The normal distribution is so widespread that we use it even when we shouldn’t – when working with financial instruments, economic and social phenomena. A typical example is the average income of bar patrons, which will skyrocket to a billion if Bill Gates happens to walk in there.
Let's see how a random variable defined by the standard Cauchy distribution converges to the mean:
To model in Excel, I took advantage of the fact that the Student t-distribution with the number of degrees of freedom is equivalent to the standard Cauchy distribution. And for t-Student in Excel there are formulas for direct and inverse distributions.
If we look at the assumptions stated above, we see that Cauchy distributed data violates almost everything. (1) No sample is representative. The tail values are still relatively rare (though not as rare as in a normal distribution), but they determine the sample average. (2) Presence or absence emission in a sample, the arithmetic mean has a stronger effect than central tendency.
Following the arithmetic mean, both the standard deviation and the standard error obtained from a sample tell little about the population.

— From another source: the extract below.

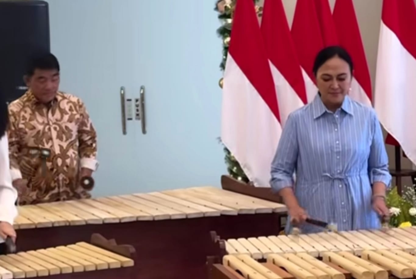 Di ruangan yang dihiasi ornamen Natal serta deretan bendera merah-putih, Gubernur Sulut Yulius Selvanus Komaling terlihat berdampingan dengan sang istri, Anik Fitri Wandriani, memainkan alat musik khas Minahasa tersebut dengan teknik yang rapi dan halus.

I used the extremely fat-tailed Cauchy distribution as an example, but many other distributions, such as power-law ones, behave only slightly more predictably. This topic is covered in detail in Nassim Taleb's new book (see link below).
Areas of use
Here are some uses of standard deviation:
Estimation of data scatter (variability) relative to the average value. The larger the standard deviation, the greater the spread.
Quality control as an indicator of variability in the production or management process. A smaller standard deviation indicates a more stable process. Standard deviation can be used to plot boundaries Shewhart control charts.

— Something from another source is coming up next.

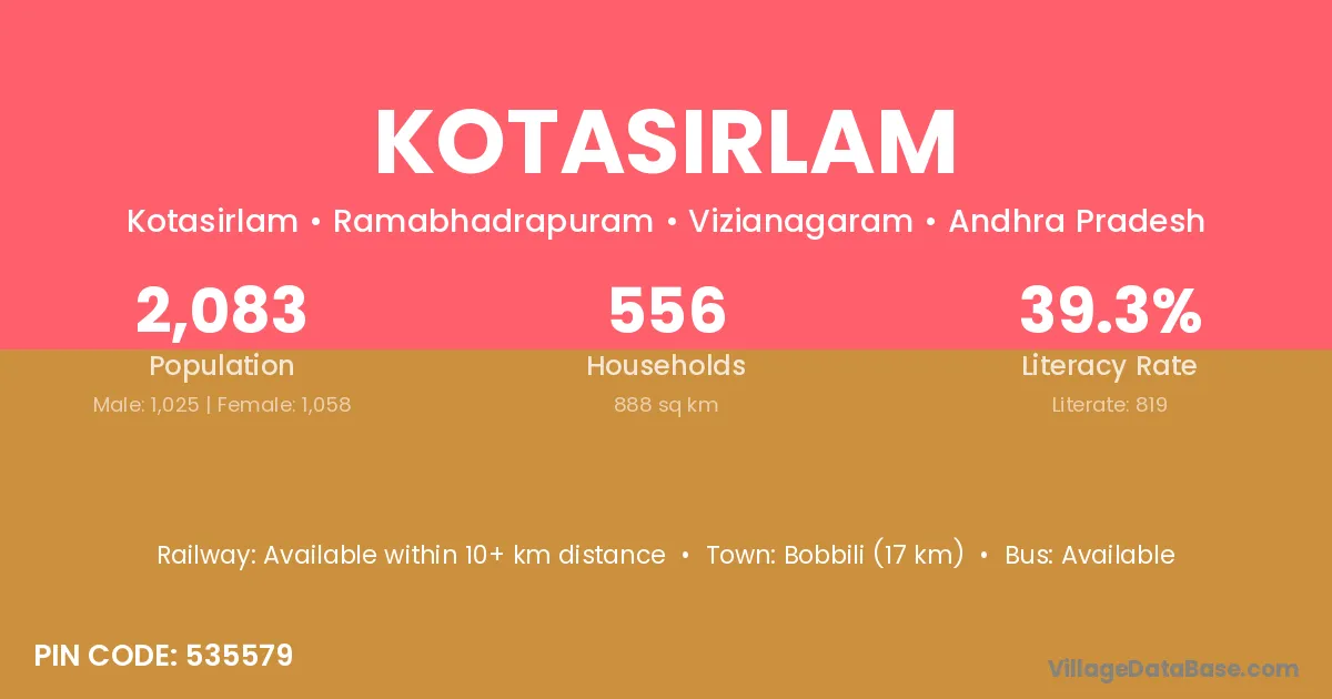 Bobbili (17 km) is the nearest town to Kotasirlam village for major economic activities and is located approximately 17 km away.

Areas of use of Standard Error of the Mean (SEM):
Confidence intervals for the mean. For example, if you conducted a survey with a small sample and calculated the mean and SEM, you can construct a confidence interval indicating where the true mean lies in the population.
When comparing average values from different samples SEM is used to determine the statistical significance of differences between samples. If the difference in means is greater than a few SEMs, it may indicate a statistically significant difference.
SEM indicates how accurate The sample mean estimates the true mean of the population. A large SEM indicates greater uncertainty in the estimate.
With caution and reservations, standard deviation and standard error should be used to assess risk in the financial sector. The SD and SEM formulas are based on several statistical assumptions. It is important to understand these assumptions when using and interpreting the results.
Literature
Vladimir Gmurman. Theory of Probability and Mathematical Statistics
Bessel amendmentBessel's correction
Nassim Nicholas Taleb. Statistical implications of fat tails.